The task loop basically checks two message buffers, the one shared with the USB CDC component (message_router_rx_msg_buf_handle) and the internal one used to send replies back (message_router_tx_msg_buf_handle). The message_router_process_incoming_message will analyze the JSON message coming from USB CDC and do some action. For example, if a syntax error is detected in the incoming message, a JSON string will be build with information about the error and written into the message_router_tx_msg_buf_handle. Finally, since data has been written into message_router_tx_msg_buf_handle, the function usb_cdc_serial_tx will be called.

I do not have a message buffer from Message Router to USB CDC because I do not have a task that can block waiting for a message buffer to be written. Do you think that is an issue? As I mentioned at the beginning we did not find the need of the USB CDC component to be a task.
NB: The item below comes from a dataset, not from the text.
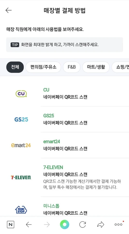 두 번째는 편의점 내에서 N Pay 결제가 어떤 방식으로 진행되는지가 궁금했다. 특히 과거에도 편의점에서 카드나 현금이 아닌 이 외 많은 결제 방식을 시도했지만 원활히 진행되었던 적이 많지 않았던 탓에 더더욱 우려가 되는 부분이었다. N Pay 현장결제 기능에서는 ‘매장별 결제 방법’을 세심하게 안내해 줌으로써 이러한 필자의 우려를 해소시켜 주었다. 각 가맹점에서의 결제 방식을 결코 복잡하게 설명하지 않고, N Pay 사용자 입장에서 알아야 하는 최소한의 결제 방법만이 제시되고 있었다.

static MessageBufferHandle_t message_router_msg_buf_handle;

static void init_tasks()
{
    message_router_msg_buf_handle = xMessageBufferCreate(USB_CDC_MSG_MAX_SIZE);

    xTaskCreate(message_router_application_task,
        "message_router_application_task",
        (1024 * 6),
        (void*)message_router_msg_buf_handle,
        tskIDLE_PRIORITY + 1,
        NULL);
}

void main_application_task(void* pvParams)
{
    [...]
    init_tasks();
    init_led();
    [..]
    usb_cdc_serial_register_message_buffer(message_router_msg_buf_handle);
    [...]
    err = usb_init(); // calls tinyusb_driver_install and usb_cdc_init
    if (err != ESP_OK) {
        ESP_LOGE(TAG, "Error initializing USB: %s", esp_err_to_name(err));
    }
    for (;;) {
        [...]
    }
}

As always, thank you so much for your time and help! :smile: